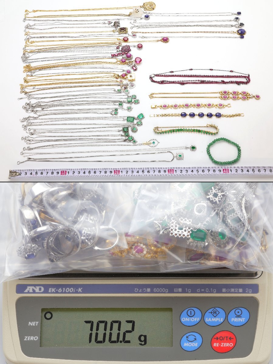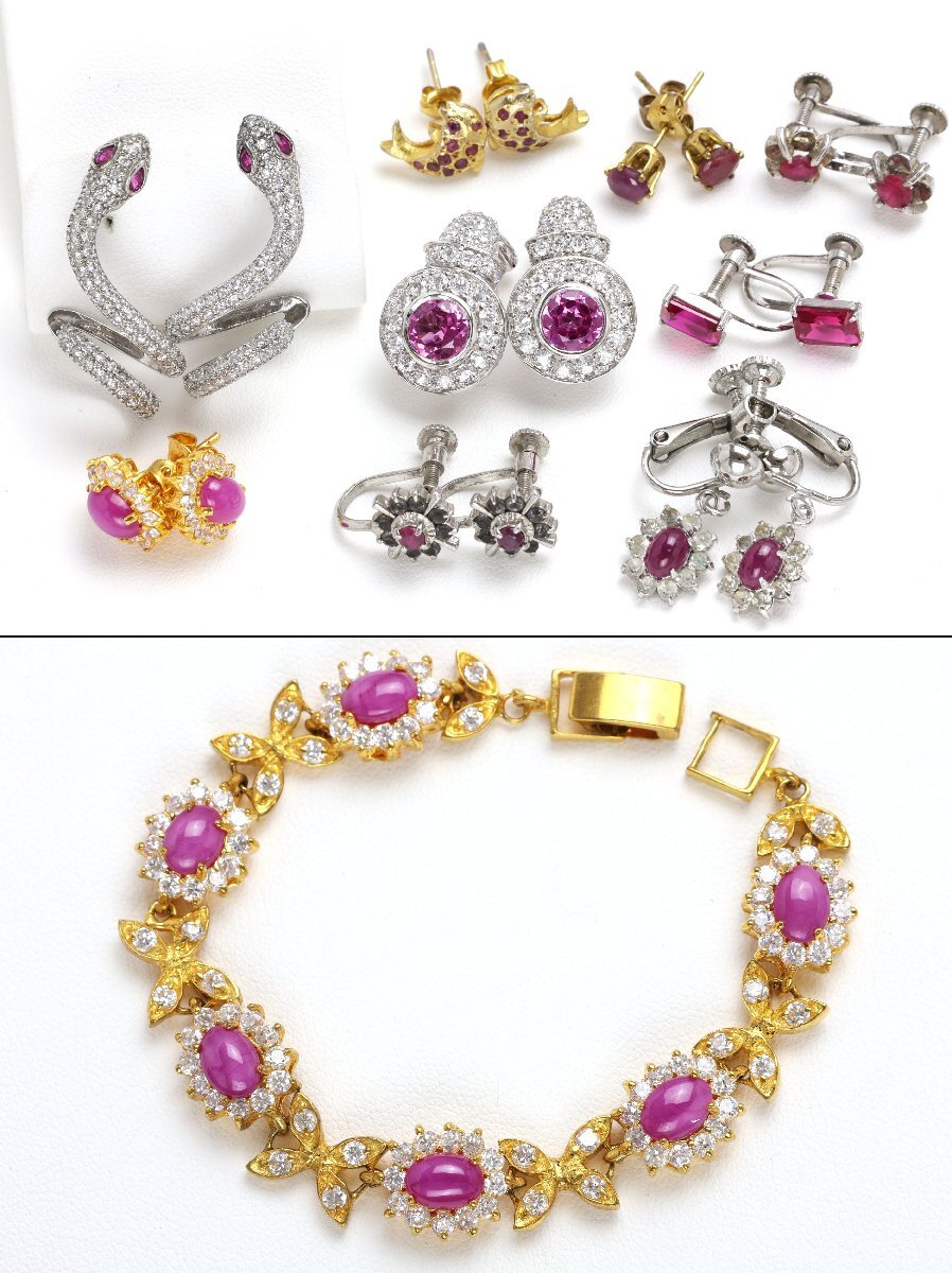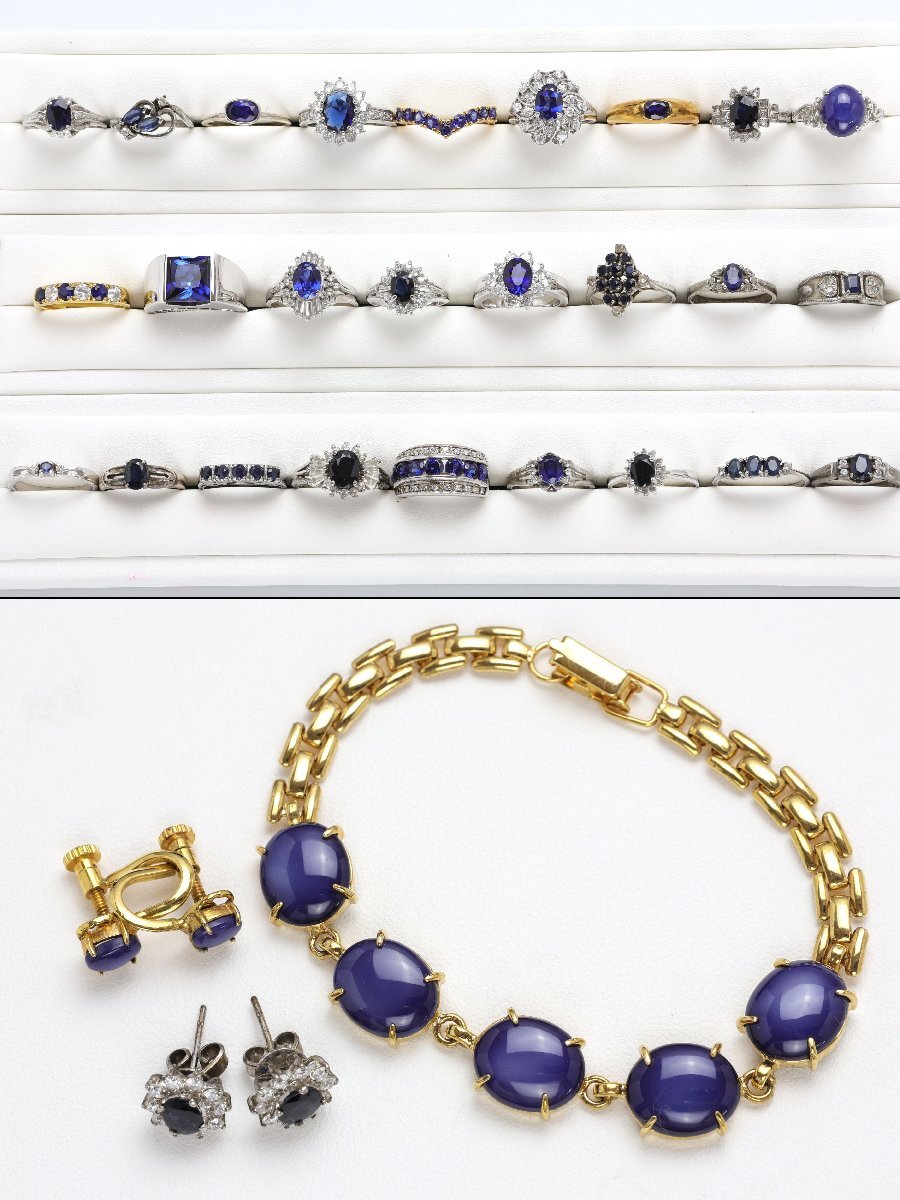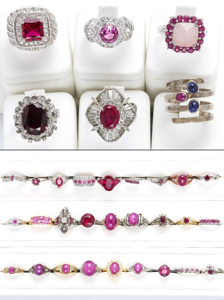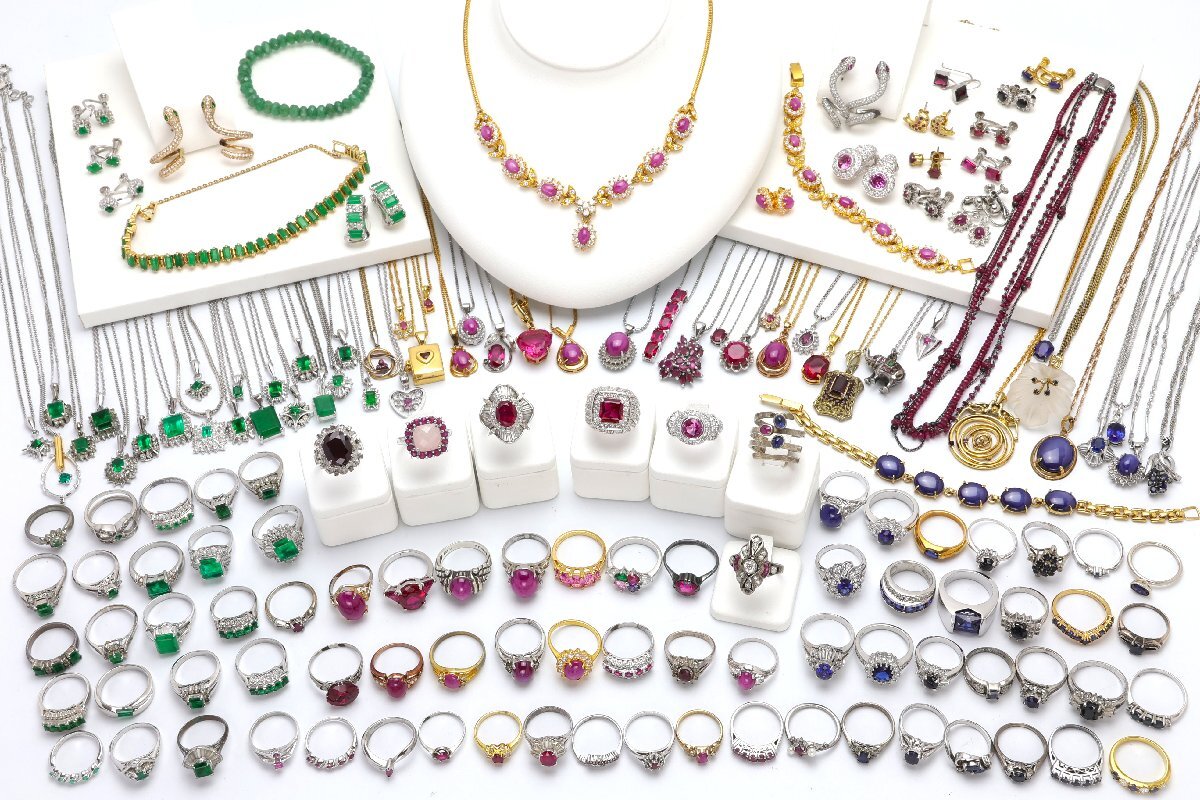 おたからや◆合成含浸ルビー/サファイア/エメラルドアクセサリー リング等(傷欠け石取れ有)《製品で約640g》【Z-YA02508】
= = = = =
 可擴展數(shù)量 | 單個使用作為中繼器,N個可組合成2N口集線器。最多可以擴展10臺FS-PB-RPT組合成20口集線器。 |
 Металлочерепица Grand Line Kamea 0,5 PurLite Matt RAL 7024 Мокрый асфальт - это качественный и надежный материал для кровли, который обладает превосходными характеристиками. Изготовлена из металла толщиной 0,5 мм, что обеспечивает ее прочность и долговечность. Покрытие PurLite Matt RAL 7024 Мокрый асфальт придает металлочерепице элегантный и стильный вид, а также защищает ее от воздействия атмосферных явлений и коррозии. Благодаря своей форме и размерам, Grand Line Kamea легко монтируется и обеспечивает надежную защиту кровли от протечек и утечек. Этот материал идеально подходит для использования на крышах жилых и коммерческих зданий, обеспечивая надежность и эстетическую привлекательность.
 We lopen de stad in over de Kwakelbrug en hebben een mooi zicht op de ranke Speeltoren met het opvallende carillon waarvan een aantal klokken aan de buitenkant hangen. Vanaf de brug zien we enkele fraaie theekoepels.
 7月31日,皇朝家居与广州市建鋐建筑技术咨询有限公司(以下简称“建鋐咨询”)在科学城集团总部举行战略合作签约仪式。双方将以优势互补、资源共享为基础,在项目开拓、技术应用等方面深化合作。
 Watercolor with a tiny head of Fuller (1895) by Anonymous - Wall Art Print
= = = = =
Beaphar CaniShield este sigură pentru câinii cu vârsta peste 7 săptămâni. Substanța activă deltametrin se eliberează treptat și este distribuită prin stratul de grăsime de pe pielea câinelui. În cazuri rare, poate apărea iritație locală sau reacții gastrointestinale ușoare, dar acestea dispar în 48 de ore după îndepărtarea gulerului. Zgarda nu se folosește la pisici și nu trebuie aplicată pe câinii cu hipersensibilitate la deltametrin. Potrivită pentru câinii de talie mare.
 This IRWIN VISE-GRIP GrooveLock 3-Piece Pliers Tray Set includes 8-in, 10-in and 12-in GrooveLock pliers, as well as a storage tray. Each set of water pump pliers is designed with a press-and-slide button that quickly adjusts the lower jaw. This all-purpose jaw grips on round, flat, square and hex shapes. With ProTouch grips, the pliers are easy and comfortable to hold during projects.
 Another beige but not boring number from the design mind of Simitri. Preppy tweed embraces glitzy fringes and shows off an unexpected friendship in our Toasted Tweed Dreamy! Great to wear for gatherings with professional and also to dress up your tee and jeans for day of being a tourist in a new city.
= = = = =
Problem to work on: A verbatim transcription is needed of the lines above, starting at the line with "Beaphar CaniShield este" and ending at the line with "This IRWIN VISE-GRIP", both included, and of nothing else.

Answer to the exercise:
Beaphar CaniShield este sigură pentru câinii cu vârsta peste 7 săptămâni. Substanța activă deltametrin se eliberează treptat și este distribuită prin stratul de grăsime de pe pielea câinelui. În cazuri rare, poate apărea iritație locală sau reacții gastrointestinale ușoare, dar acestea dispar în 48 de ore după îndepărtarea gulerului. Zgarda nu se folosește la pisici și nu trebuie aplicată pe câinii cu hipersensibilitate la deltametrin. Potrivită pentru câinii de talie mare.
 This IRWIN VISE-GRIP GrooveLock 3-Piece Pliers Tray Set includes 8-in, 10-in and 12-in GrooveLock pliers, as well as a storage tray. Each set of water pump pliers is designed with a press-and-slide button that quickly adjusts the lower jaw. This all-purpose jaw grips on round, flat, square and hex shapes. With ProTouch grips, the pliers are easy and comfortable to hold during projects.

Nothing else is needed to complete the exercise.